Region-replacement image edit:

runcomfy run tongyi-mai/z-image/turbo/inpainting \
  --input '{
    "prompt": "Replace busy backdrop with smooth light gray studio paper; mask background only.",
    "image": "https://.../product.jpg",
    "mask_image": "https://.../bg-mask.png",
    "strength": 0.9
  }' \
  --output-dir <absolute/path>

Prompting image edit — what works

Image edit prompts behave differently from text-to-image prompts. The source image already fixes most of the look — your image edit prompt should drive the change, not redescribe the source.

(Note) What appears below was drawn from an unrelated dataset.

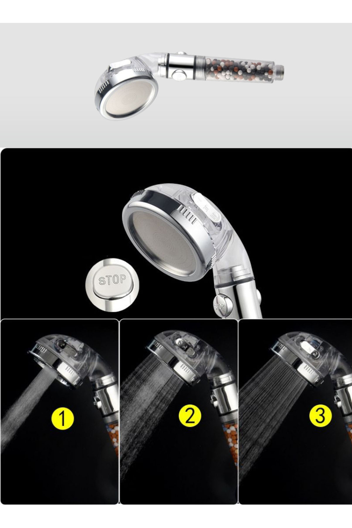 Generic Negative Ion Filter Shower Head – 3 Modes with Water Stop Button features
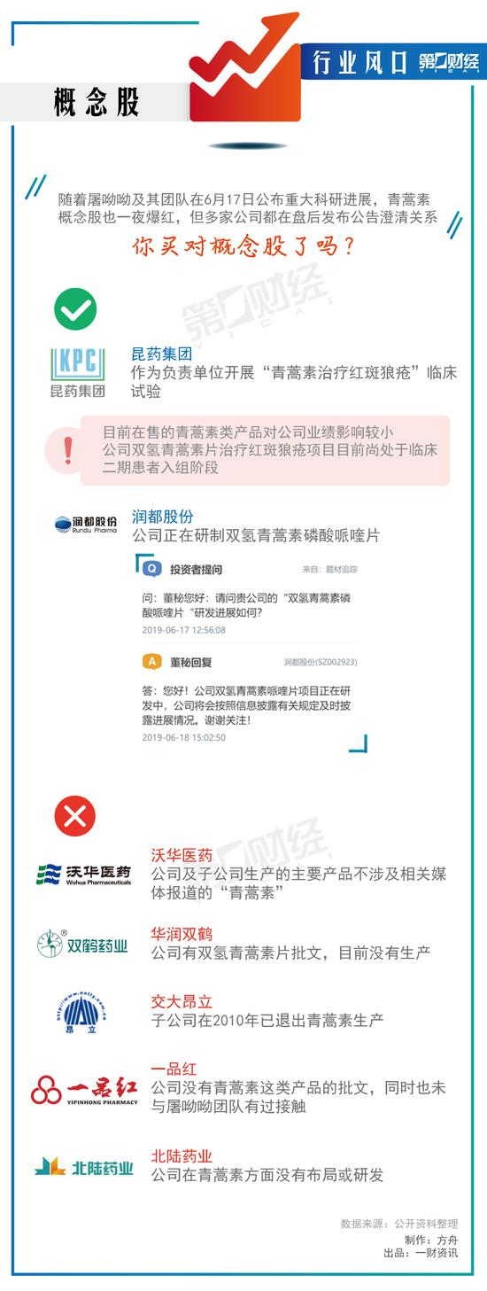 受此消息影响,青蒿素概念股闻风而起,截至今日收盘,昆药集团、润都股份三连板,复星医药、白云山、新和成等个股纷纷上涨。

  • Lead with preservation goals. "Keep [identity / pose / framing / brand] unchanged. Then state the image edit change." Tell the image edit model what NOT to change.
  • One image edit direction per call. Compound image edits drift. Pick one bucket — background OR object OR text OR layout — per image edit call.
  • Spatial scope language. "background only", "the left object", "upper-right quadrant" — image edit models honor concrete locations.
  • Quote in-image text exactly. For text-rewrite image edit, put the literal characters in quotes. Name the script for non-Latin: "Japanese kana", "Cyrillic", "Arabic".
  • Number multi-refs in image edit prompts. "Subject from image 1, lighting from image 2" — image edit models route cues correctly when refs are numbered.
  • Mask-edge softness. For mask-driven image edit, a 1–3px blur on the mask edge blends cleaner than a sharp binary mask.
  • Iterate small. Split compound image edit into multiple shorter passes; consistency is better across passes than within a single overstuffed prompt.

Image edit FAQ

What's the max batch size for image edit? 20 inputs per call on the default image edit endpoint (Nano Banana Edit). Other image edit routes are single-input.

What image formats does image edit accept? JPEG, PNG, WebP. Source URLs must be publicly fetchable HTTPS.

Does image edit preserve subject identity? Yes — all four image edit routes are designed for identity preservation. Always state the goal: "keep face identity unchanged".

Can image edit rewrite text in non-Latin scripts? Yes — route to GPT Image 2 Edit. It handles Japanese kana, Cyrillic, Arabic, Hangul, Chinese, etc.

What's the highest resolution available for image edit? 4K on Nano Banana Edit. Other image edit routes cap at their respective sizes.

Image edit vs text-to-image on RunComfy? Image edit transforms an existing image. Text-to-image starts from a prompt only. Use image edit when you have a source; use text-to-image for novel content.

Can I do mask-free region image edit? Yes — most image edit routes work without an explicit mask. Use spatial language ("upper-right corner", "the background only"). For surgical region image edit, provide a mask via the Z-Image inpaint route.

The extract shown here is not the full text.